Heat transfer and pyrolysis gas flow characteristics of light-weight ablative thermal protection system in the blunt body

Thermal protection system (TPS) is the critical system to protect the structure and electronic components of hypersonic vehicles from aerodynamic heating. Since the blunt body suffers the most severe thermal environment in a flight vehicle, the design of TPS for the blunt body is crucial. To investigate the thermal performance of the light-weight ablative material in the blunt body, a multi-dimensional thermal response model is proposed considering heat transfer, pyrolysis gas flow, and gas blowing effect. The characteristics of heat diffusion, pyrolysis process, gas flow, and the effect of pyrolysis gas blowing are investigated. It shows that the developed model can accurately predict temperature and gas flow. The temperature and charred thickness at the stagnation point are the largest, decrease along the surface of the sphere nose, and keep almost the same at the cone. Due to the surface pressure distribution, a large part of the pyrolysis gas in the sphere nose flows through the ablative material and injects into the air at the sphere-cone junction. In contrast, the gas at the cone flows vertically to the cone surface. The gas flow rate and pressure decrease as time elapses.

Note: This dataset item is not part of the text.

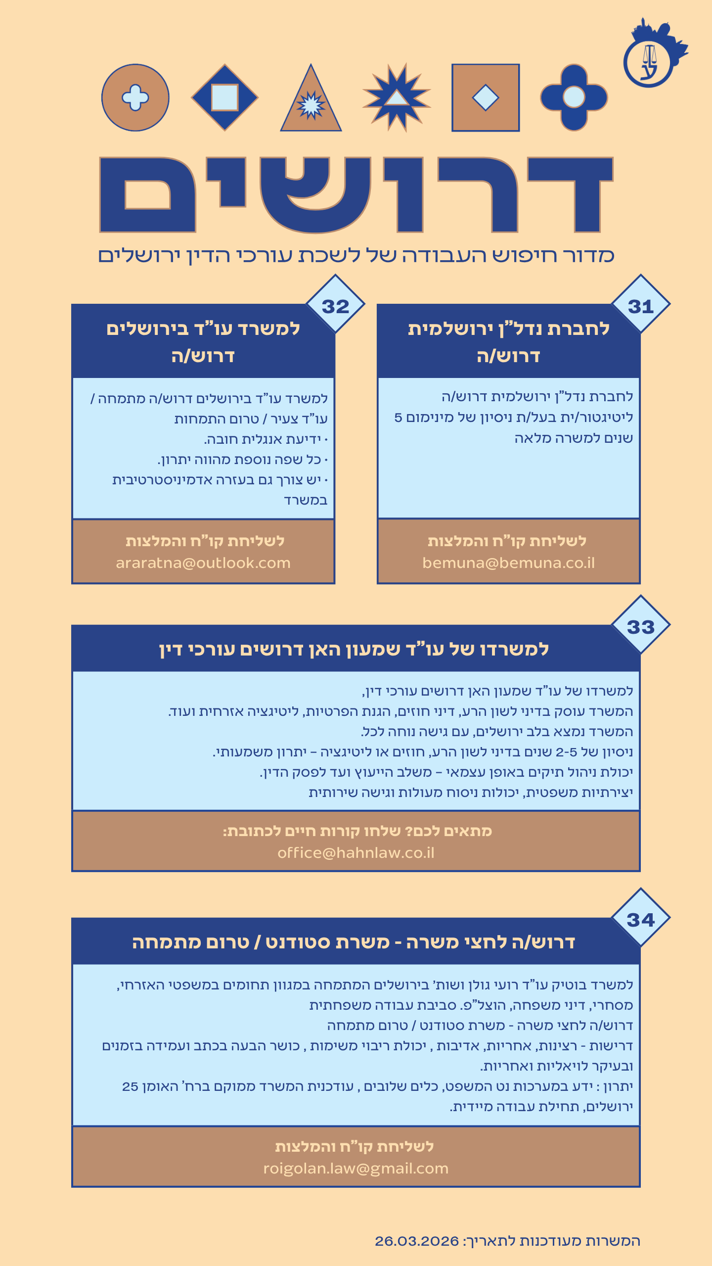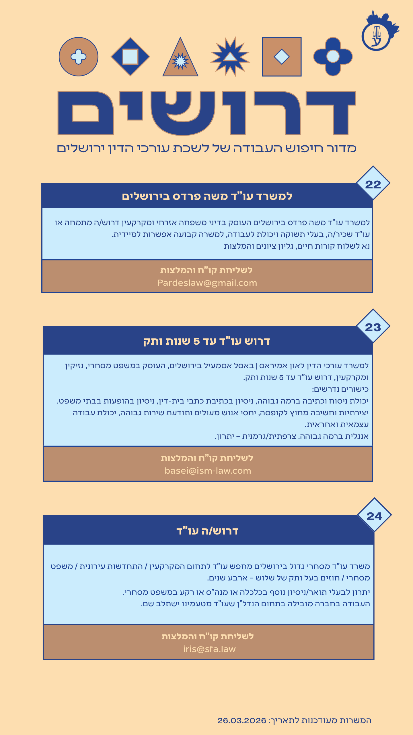למשרד עורכי דין בירושלים דרוש עו"ד למשרה מלאה בתחומים הבאים:

Moreover, gas blowing mainly influences the thermal response near the sphere-cone junction, leading to a minimum blowing factor of 0.965 and a max temperature reduction of 7.4% at 100s. The effect of gas blowing is enhanced with the increase of phenolic resin content. This study deepens the understanding of the thermal performance of light-weight ablative material in the blunt body and guides the ablative thermal protection design.